Should the function call not be:

Code: Select all

calldb("SELECT * FROM nav_links WHERE Cat_Links='". $_GET['CatID']."'");
penguinboy
Forum Contributor
Posts: 171
Joined: Thu Nov 07, 2002 11:25 am

Re: problems with my function and query...

Post by penguinboy »

Xplosion84 wrote:function:

Code: Select all

<?php
$dbname = 'maxforcepc'; 
$link = mysql_connect ('..........', '........', '..........');
$result = mysql_query ($dbname, $query_type, $link) or die ('Queryproblem');
?>
http://us4.php.net/mysql_query
resource mysql_query ( string query [, resource link_identifier])
Unless it's an undocumented feature;
I don't think you can include the db in the query string.

Try:

Code: Select all

<?php
$dbname = 'maxforcepc'; 
$link = mysql_connect ('..........', '........', '..........');
mysql_select_db($dbname,$link);
$result = mysql_query ($query_type, $link) or die (mysql_error());
?>
Xplosion84
Forum Newbie
Posts: 9
Joined: Wed Jun 16, 2004 1:30 pm

Post by Xplosion84 »

liljester wrote:

Code: Select all

<?php 
function calldb($query_type) { 
        $dbname = 'maxforcepc'; 
        $link = mysql_connect ('..........', '........', '..........');
        mysql_select_db($dbname, $link);
        $result = mysql_query ($query_type, $link) or die ('Queryproblem');    
        if (mysql_num_rows($result) >= 1) {    
            while ($row = mysql_fetch_array($result)) {    
                echo '<a href="' . $row['Url'] . '">' . $row['Links'] . '</a><br />';    
            }  
        } else {    
            echo 'The query could not be executed!<br />';      
        }    
        mysql_free_result($result);    
} 
?>
Great!! That worked, but the odd thing is it works when it wants too. my syntax to call that function is:

Code: Select all

<?php
calldb("SELECT * FROM nav_links WHERE Cat_Links=". $_GET['CatID']);
?>
It worked when i fixed my coding then i went back to it and i'm getting a parse error
penguinboy
Forum Contributor
Posts: 171
Joined: Thu Nov 07, 2002 11:25 am

Post by penguinboy »

Try

Code: Select all

$result = mysql_query ($query_type, $link) or die(mysql_error());
Instead of

Code: Select all

$result = mysql_query ($query_type, $link) or die('Queryproblem');
Xplosion84
Forum Newbie
Posts: 9
Joined: Wed Jun 16, 2004 1:30 pm

Post by Xplosion84 »

penguinboy wrote:Try

Code: Select all

$result = mysql_query ($query_type, $link) or die(mysql_error());
Instead of

Code: Select all

$result = mysql_query ($query_type, $link) or die('Queryproblem');
I'm still getting a blank page, but when i comment out the syntax that calls the function my page layout shows...
d3ad1ysp0rk
Forum Donator
Posts: 1661
Joined: Mon Oct 20, 2003 8:31 pm
Location: Maine, USA

Post by d3ad1ysp0rk »

Code: Select all

<?php
function conn(){
    $link = mysql_connect ('..........', '........', '..........');
    mysql_select_db("maxforcepc",$link);
}

function calldb($query_type) {
    $result = mysql_query ($query_type, $link) or die ('Queryproblem');   
    if (mysql_num_rows($result) >= 1) {
       while ($row = mysql_fetch_array($result)) {   
           echo '<a href="' . $row['Url'] . '">' . $row['Links'] . '</a><br />';   
       } 
    } else {   
       echo 'The query could not be executed!<br />';     
    }   
    mysql_free_result($result);
}
?>
Then call it with

Code: Select all

<?php
conn();
calldb("sql");
?>
This will keep the SQL connection alive incase you're making other sql queries.

Also, is this output going to be used on multiple pages?
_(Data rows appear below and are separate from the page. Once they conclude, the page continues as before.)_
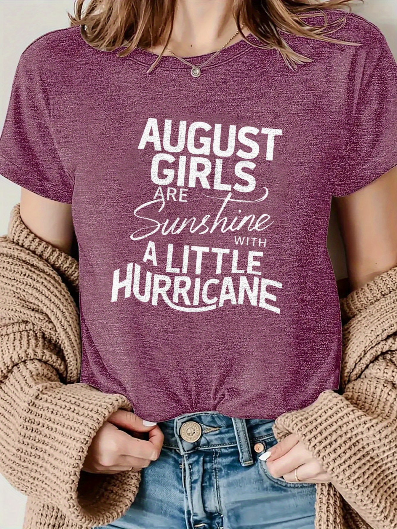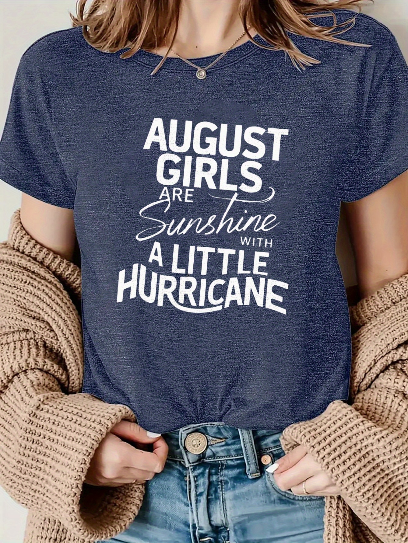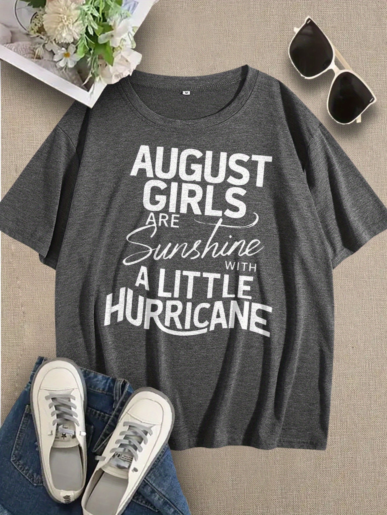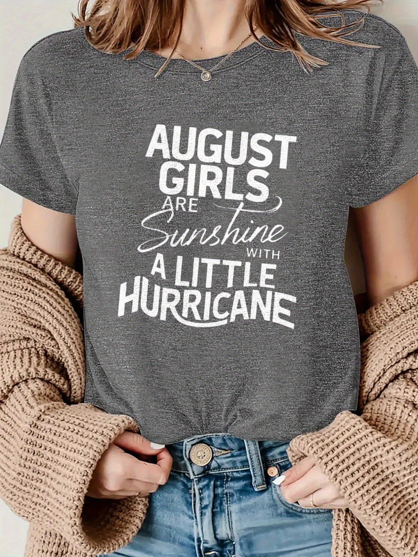 [August Sunshine T-Shirt] Women's August Sunshine & Hurricane Quote T-Shirt - Dark Grey with White Text - Breathable Everyday Summer Tee - Birthday Outfit Idea - Machine Washable Casual Streetwear Top, Graphic Text Shirt, Comfortable Fabric
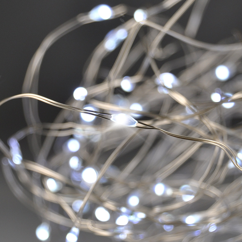 Solight vánoční řetěz stříbrný, 50x mini LED, 5m, 3 x AA, studené světlo
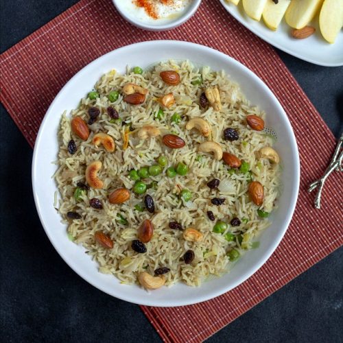I love mixed vegetable pulao, so does my family. It’s one of my go-to recipes for our everyday meals, weekends, and potlucks also. I have a simple no-onion no-garlic pulao recipe on my blog and a few other ones. I will link them down below.
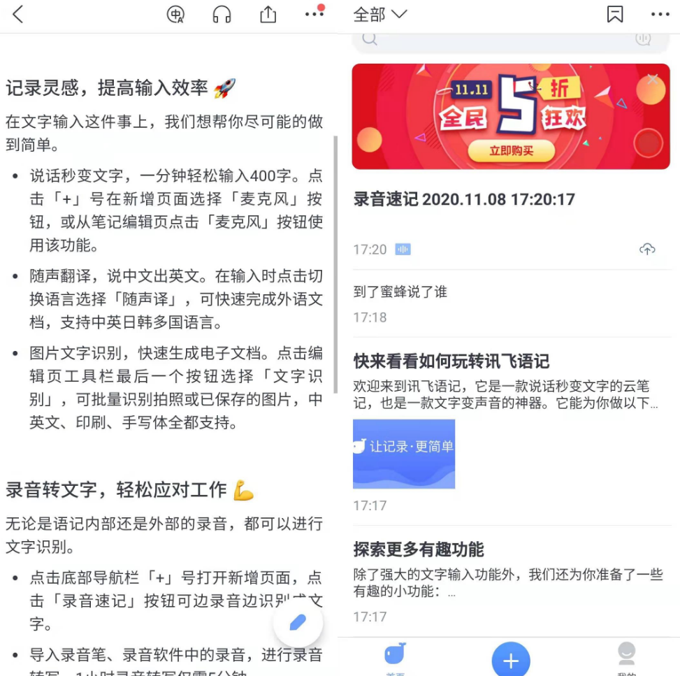 APP打开的页面是右边图片的样子,是以笔记的形式展示出来的,所有的语言最后都转换成了文字,大家看的时候就很方便,不需要像听语音一样从头到尾听。左边是讯飞语记的软件自述,大家可以看一下功能介绍。
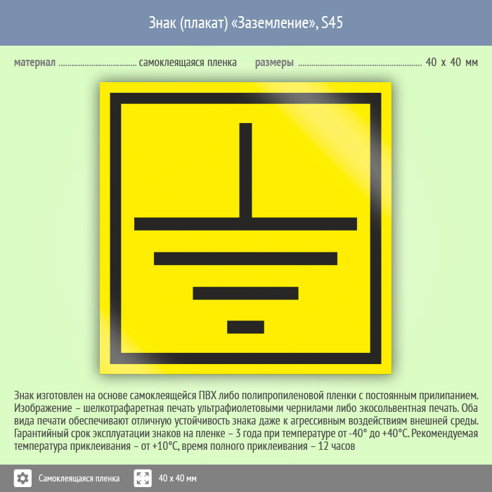 Знак (плакат) «Заземление», S45 (25 штук пленка, 40х40 мм) в Ставрополе купить

Or just the page you're developing now?
If it's only for one page, it'd probably be easier to include the code from calldb instead of putting it in a function.
Xplosion84
Forum Newbie
Posts: 9
Joined: Wed Jun 16, 2004 1:30 pm

Post by Xplosion84 »

LiLpunkSkateR wrote:

Code: Select all

<?php
function conn(){
    $link = mysql_connect ('..........', '........', '..........');
    mysql_select_db("maxforcepc",$link);
}

function calldb($query_type) {
    $result = mysql_query ($query_type, $link) or die ('Queryproblem');   
    if (mysql_num_rows($result) >= 1) {
       while ($row = mysql_fetch_array($result)) {   
           echo '<a href="' . $row['Url'] . '">' . $row['Links'] . '</a><br />';   
       } 
    } else {   
       echo 'The query could not be executed!<br />';     
    }   
    mysql_free_result($result);
}
?>
Then call it with

Code: Select all

<?php
conn();
calldb("sql");
?>
This will keep the SQL connection alive incase you're making other sql queries.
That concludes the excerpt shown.